Maybe you sold your house, maybe you decided to rent a different apartment, but for whatever reason you’re moving. How do you transport your carboys and jugs without breaking them or spilling anything? I was in exactly that situation and I managed to get my fermenting and aging wine from the old house to the new house without incident. Here’s how I did it:
Bottle it!
By far the best way is to bottle your wine or mead, pack it well, and ship it. I was able to bottle some of my wine by moving day and I just turned that over to the movers. Most of it was in commercial wine boxes with cardboard dividers, but some of it was in ordinary moving boxes with each bottle wrapped in newspaper. However you do it, make sure the bottles are packed to they don’t move and that glass doesn’t touch glass.
Move the jugs in a cooler
I had quite a bit of aging/fermenting wine, and not a lot of free time. So by moving day I had a lot of 1-gallon jugs with airlocks that I needed to move. As with the bottles, packing the jugs so that glass does not touch glass and they don’t move will prevent breakage. But there will be bumps and there will be sloshing. That could lead to spilling and popped airlocks. One way to handle this would be to replace the airlocks with solid bungs and tape them into place, but even if you do this (I didn’t) you should still plan for spills.
I did this by packing the 1-gallon jugs into a large (37.5 gallon – 142 liter) cooler. It held all of my jugs, with airlocks, and I was still able to close the lid. Now the jugs were prevented from moving, protected from impact, and enclosed in a watertight cooler. The cooler went in the back of my SUV, and the jugs made the trip without breaks or leaks.
Use nested garbage bags to contain spills from a carboy
I had one carboy to move and no waterproof container to put it in, so I turned to large plastic garbage bags. I place the carboy into one bag, let’s call it the “bottom bag.” The other bag, cleverly named “top bag,” draped over the carboy. I tucked the top bag inside the bottom bag, then pulled the bottom bag up to enclose the carboy. Once I fastened the bottom bag in place with tape, even a violent spill would be contained.
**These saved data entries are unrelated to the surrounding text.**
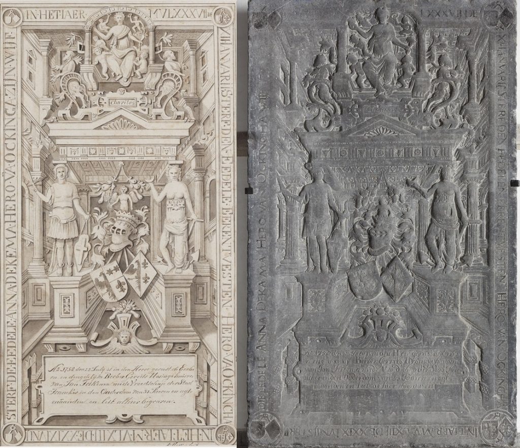 Zerk 107 Het randschrift is: Int iaer MVc LXXXVII den XII Ianuarij sterf den Eedele Eerentvesten Hero van Ockinga Int iaer MVc LXIII den XXIX Iuni sterf de Eedele Anna Dekema Hero van Ockinga sijn wijf Onder beeldhouwwerk in rechthoek staat: Ao 1758 den 23 Iuly is in den Heere gerust de’ Eer bare en Zerk 107
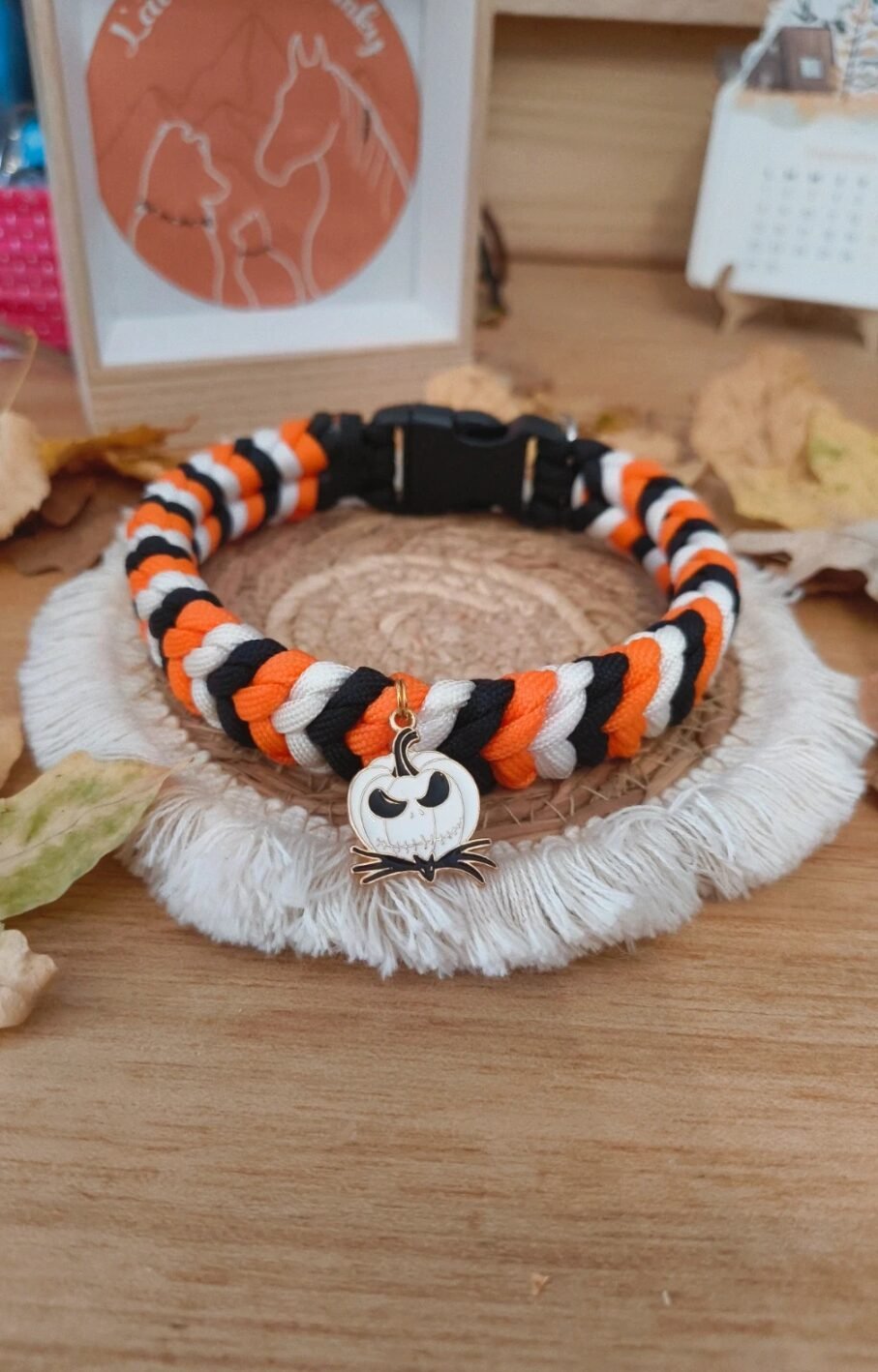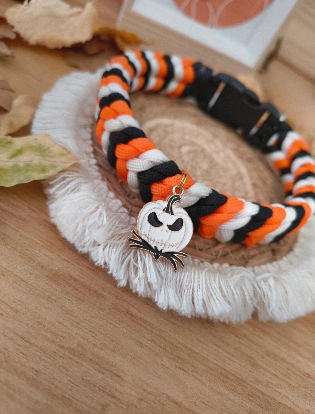 Donnez à votre compagnon un look unique et plein de caractère avec ce collier fait main, orné d’un pendentif citrouille Jack Skellington 🕸️. Parfait pour les balades d’Halloween… ou pour afficher son style décalé toute l’année !
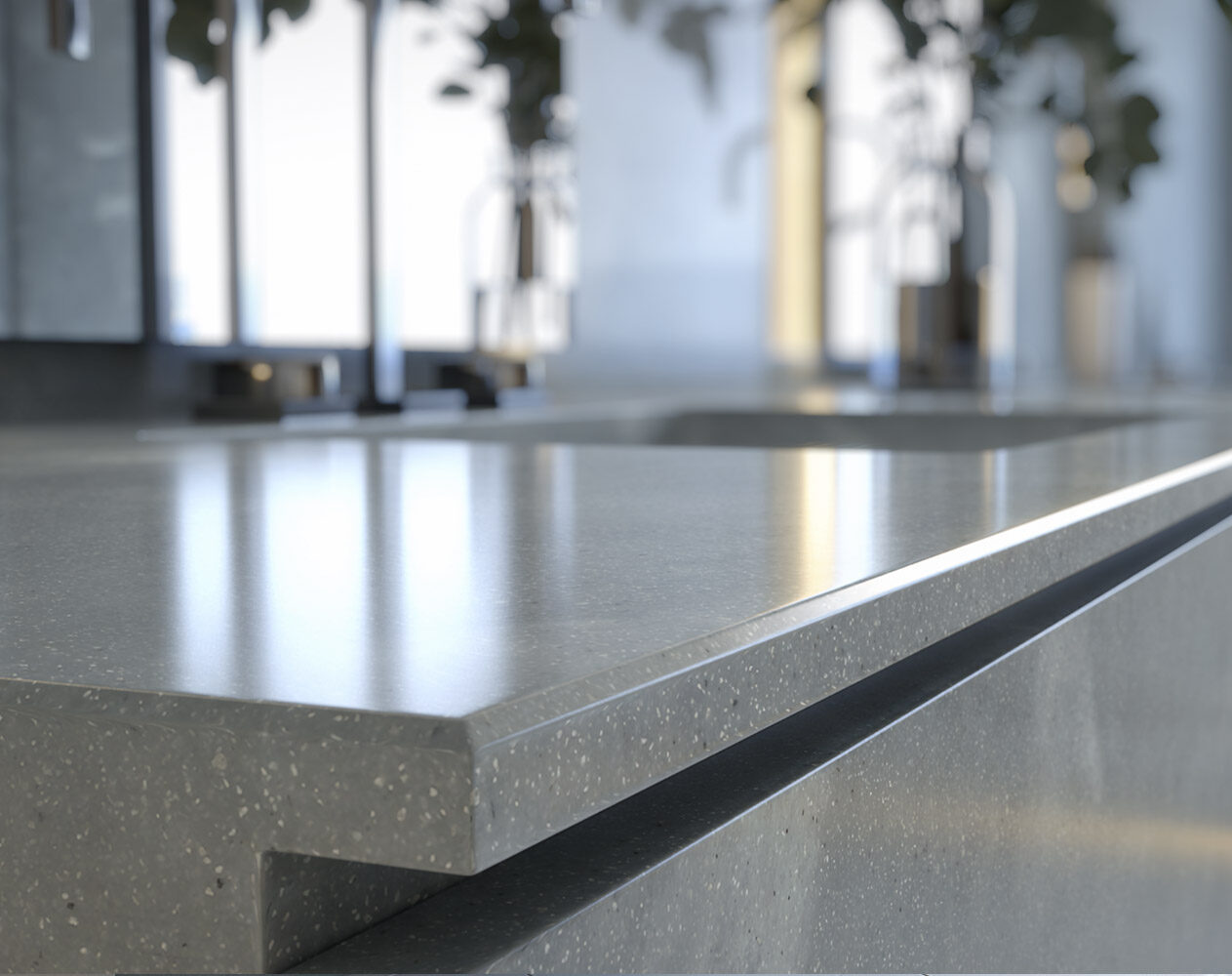 Allows for integrated sinks and backsplashes, eliminating seams where dirt and water collect.
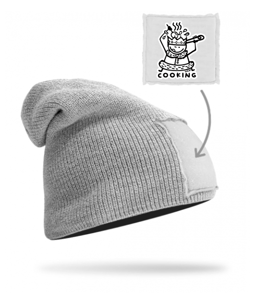 We make sustainable UAX clothing! - hand sewn in the Czech Republic uaxAccessories uaxAll productsHats and HeadbandsKNITTED HAT BEANIEdesign 1117 - COOKINGGREY/WHITE
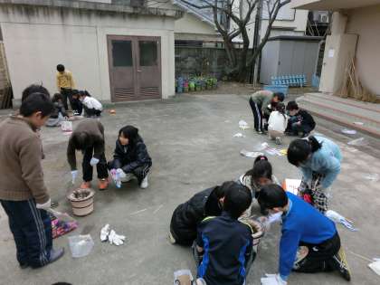 火加減が難しく,何度も何度も裏返して焼けているかどうか確かめていました。
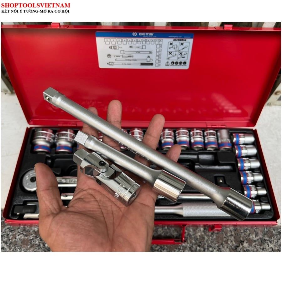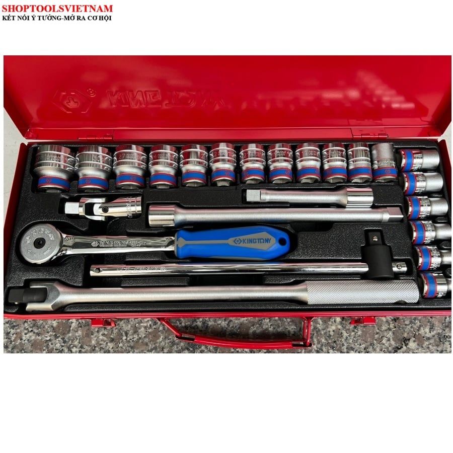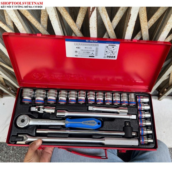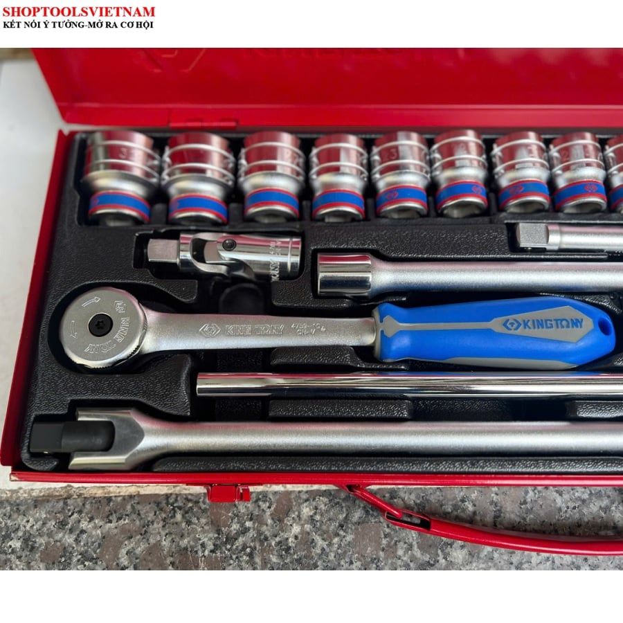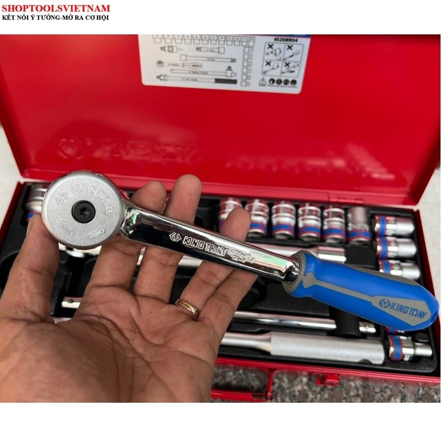 1/2″ bộ tuýp 24 chi tiết hệ mét 8-32mm Kingtony 4526MR04 (24 PC. 1/2" DR. 6 Point Socket Wrench Set)

The waterproofed carboy joined the large cooler in the back of my SUV, where I nestled it between boxes, towels, old clothes and whatever else was handy. After I was satisfied that it was well padded and immobile, I headed for my new home. Like the 1-gallon jugs, the carboy, and – more importantly – the blueberry mead inside it, arrived in fine shape.
There might be better ways of doing it, and I’d love to hear about them, but this is how I did it and it worked. Remember: immobilize, protect, and waterproof. It’s worth the effort so you can – and you really should – pop open some home made wine when you get to your new place!